» **Assigned task**
Look below for the line that contains "Upon entering the" and the line that contains "Oficiales de la", then restate both of them and every line in between, exactly. No picture goes in the copy.

--- Records Enclosed Below ---

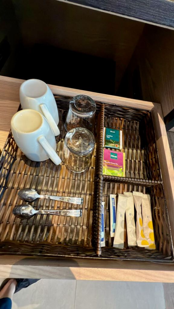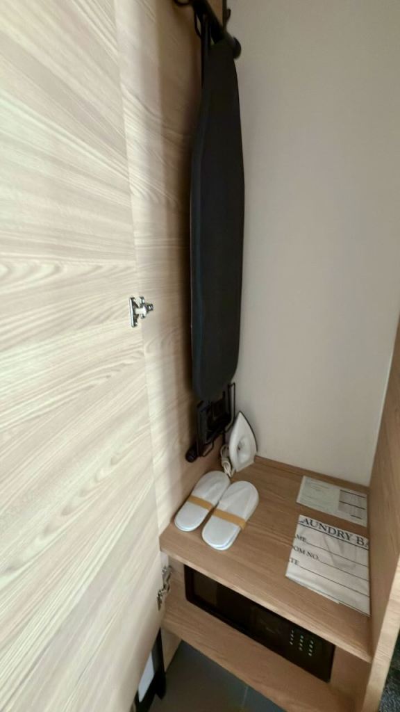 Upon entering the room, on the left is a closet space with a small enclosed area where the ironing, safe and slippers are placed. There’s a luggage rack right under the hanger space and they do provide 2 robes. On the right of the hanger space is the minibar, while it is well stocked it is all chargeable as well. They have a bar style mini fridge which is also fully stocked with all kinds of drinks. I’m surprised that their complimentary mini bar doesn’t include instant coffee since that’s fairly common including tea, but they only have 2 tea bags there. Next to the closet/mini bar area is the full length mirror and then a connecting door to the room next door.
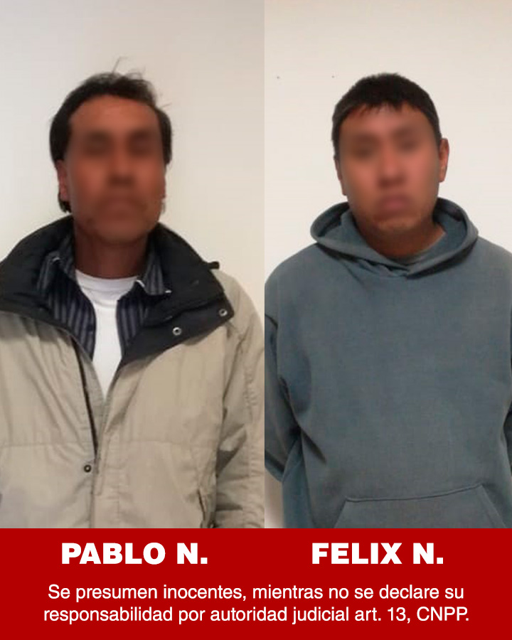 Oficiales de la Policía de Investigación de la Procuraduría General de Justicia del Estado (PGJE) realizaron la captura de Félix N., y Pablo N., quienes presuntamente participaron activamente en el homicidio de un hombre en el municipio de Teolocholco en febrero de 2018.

--- End of Enclosed Records ---
--- Records Enclosed Below ---

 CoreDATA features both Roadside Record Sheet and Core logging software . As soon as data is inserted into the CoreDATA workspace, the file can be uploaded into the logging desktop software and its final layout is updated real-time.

--- End of Enclosed Records ---
--- Records Enclosed Below ---

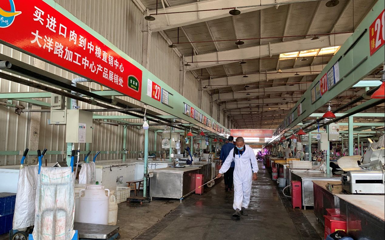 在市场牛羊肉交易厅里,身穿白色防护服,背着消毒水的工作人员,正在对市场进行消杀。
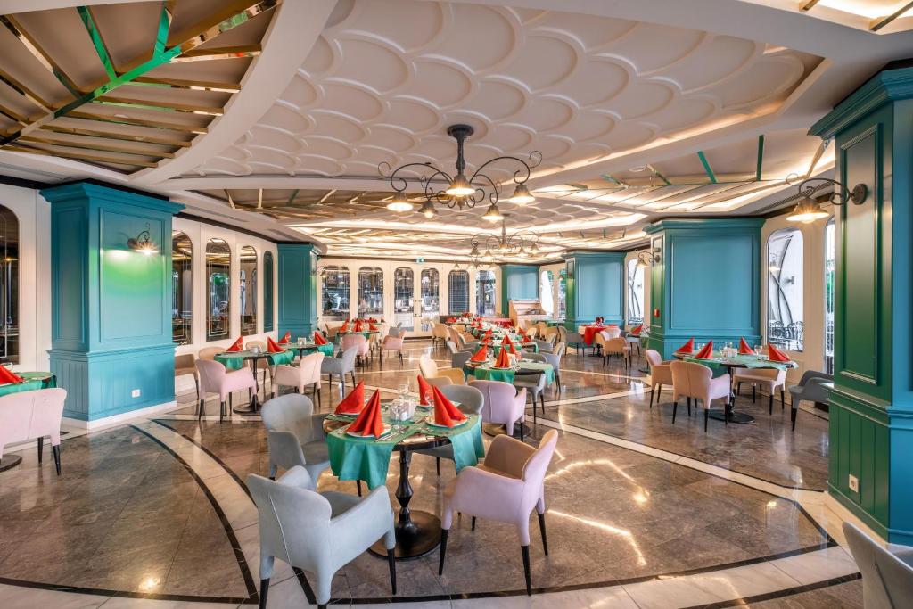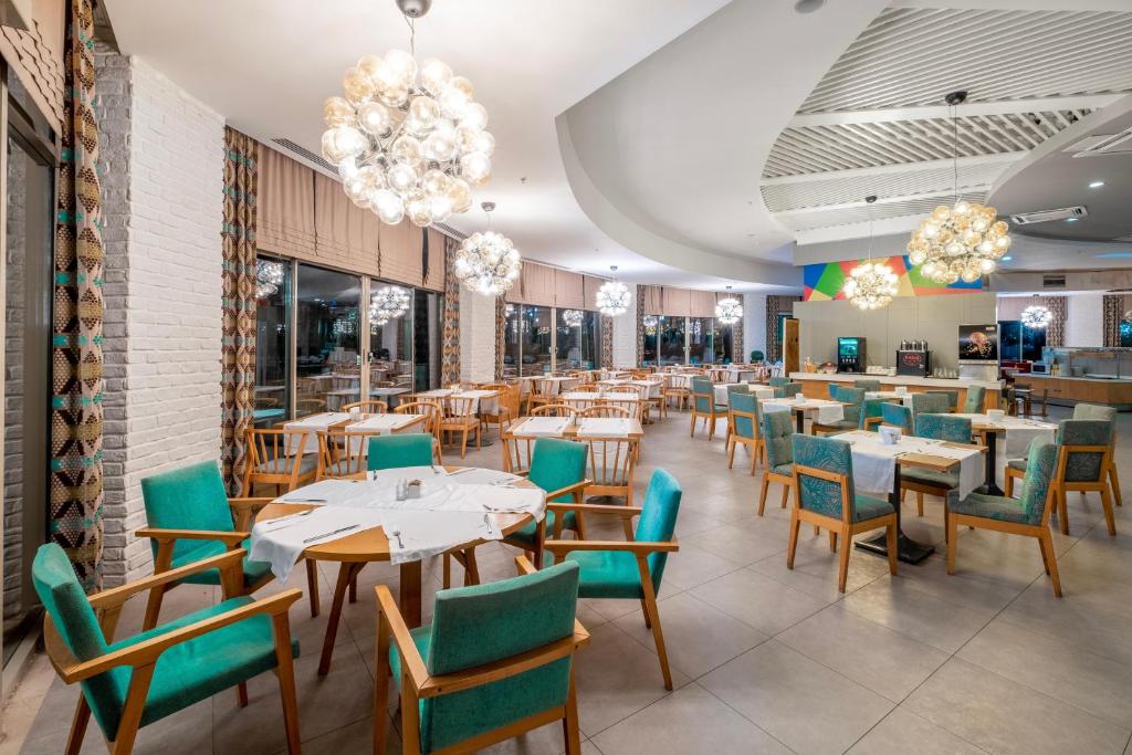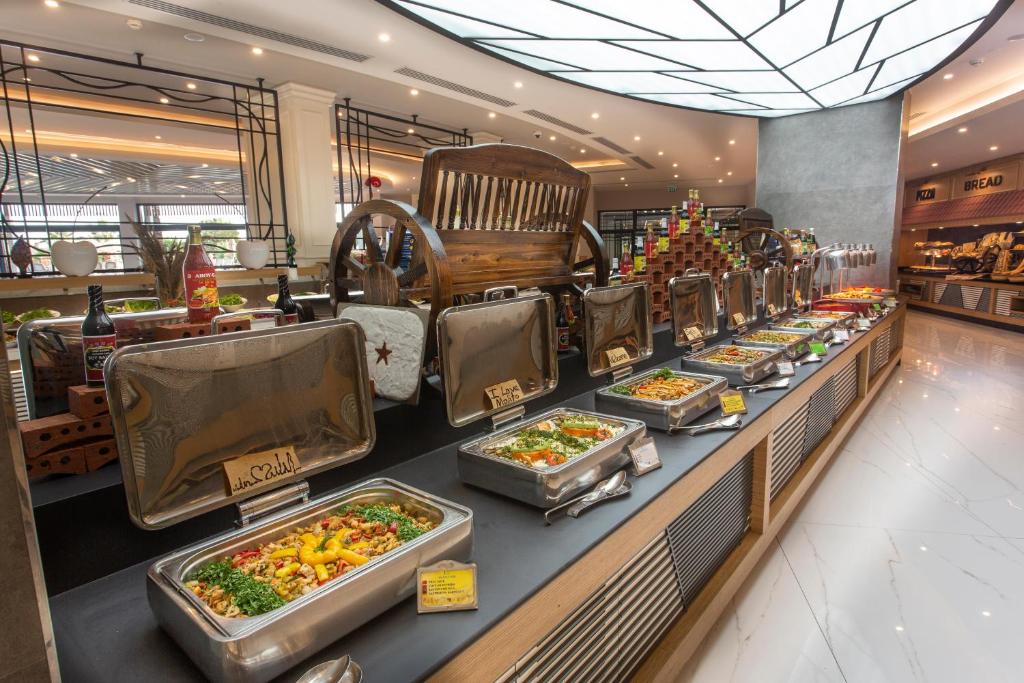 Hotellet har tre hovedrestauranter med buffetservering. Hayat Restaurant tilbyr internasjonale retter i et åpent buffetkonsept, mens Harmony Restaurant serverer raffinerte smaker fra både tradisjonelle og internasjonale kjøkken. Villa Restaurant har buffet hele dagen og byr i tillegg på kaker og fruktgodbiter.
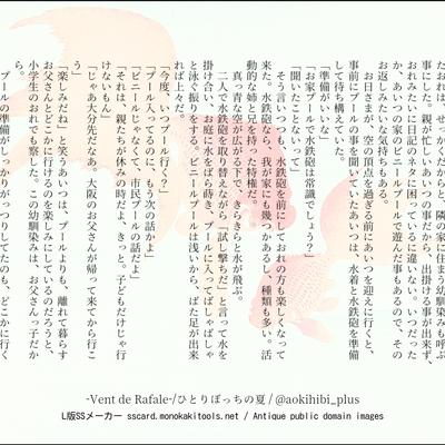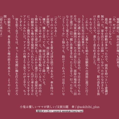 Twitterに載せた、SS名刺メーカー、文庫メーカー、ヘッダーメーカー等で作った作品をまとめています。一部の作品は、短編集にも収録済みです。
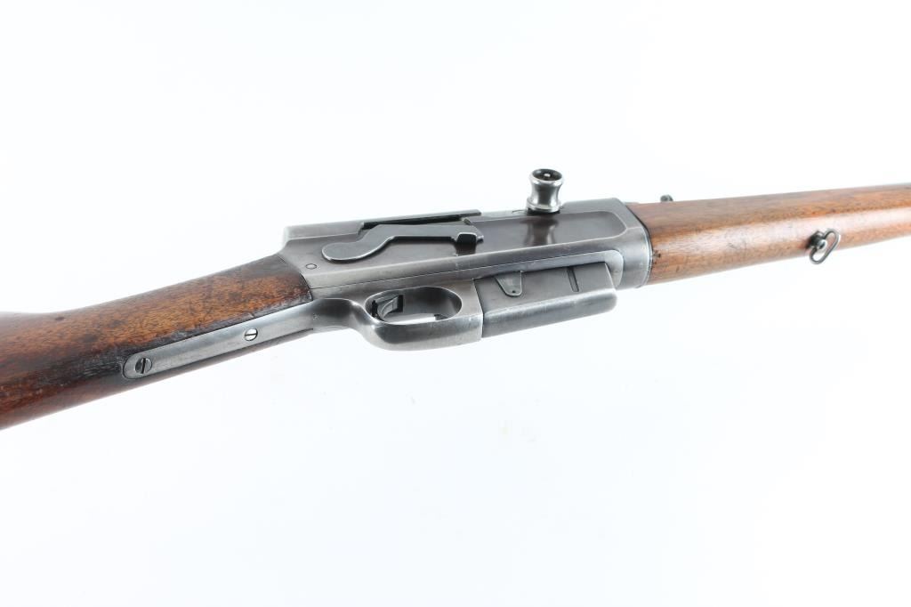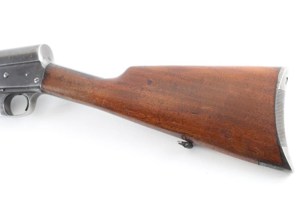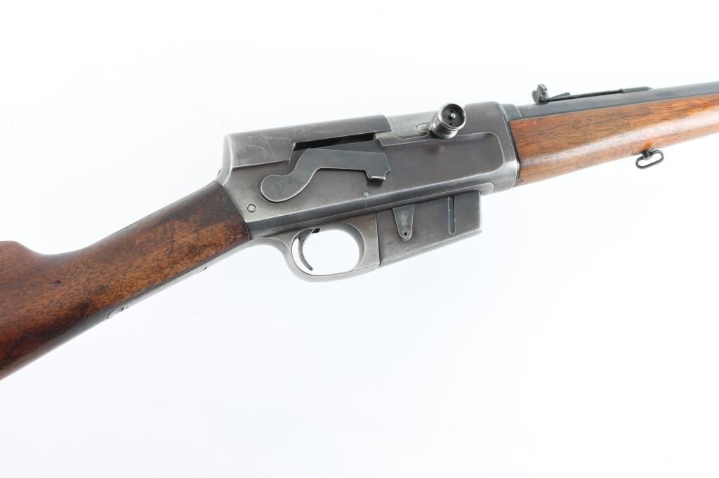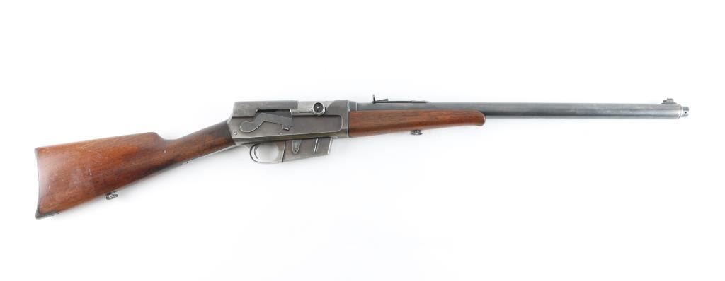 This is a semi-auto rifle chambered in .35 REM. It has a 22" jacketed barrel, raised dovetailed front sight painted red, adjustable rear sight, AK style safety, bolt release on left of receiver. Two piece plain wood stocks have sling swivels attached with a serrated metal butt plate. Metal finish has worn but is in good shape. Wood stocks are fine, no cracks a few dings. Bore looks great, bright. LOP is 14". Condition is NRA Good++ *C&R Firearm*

--- End of Enclosed Records ---

» **Answer space**
 Upon entering the room, on the left is a closet space with a small enclosed area where the ironing, safe and slippers are placed. There’s a luggage rack right under the hanger space and they do provide 2 robes. On the right of the hanger space is the minibar, while it is well stocked it is all chargeable as well. They have a bar style mini fridge which is also fully stocked with all kinds of drinks. I’m surprised that their complimentary mini bar doesn’t include instant coffee since that’s fairly common including tea, but they only have 2 tea bags there. Next to the closet/mini bar area is the full length mirror and then a connecting door to the room next door.
 Oficiales de la Policía de Investigación de la Procuraduría General de Justicia del Estado (PGJE) realizaron la captura de Félix N., y Pablo N., quienes presuntamente participaron activamente en el homicidio de un hombre en el municipio de Teolocholco en febrero de 2018.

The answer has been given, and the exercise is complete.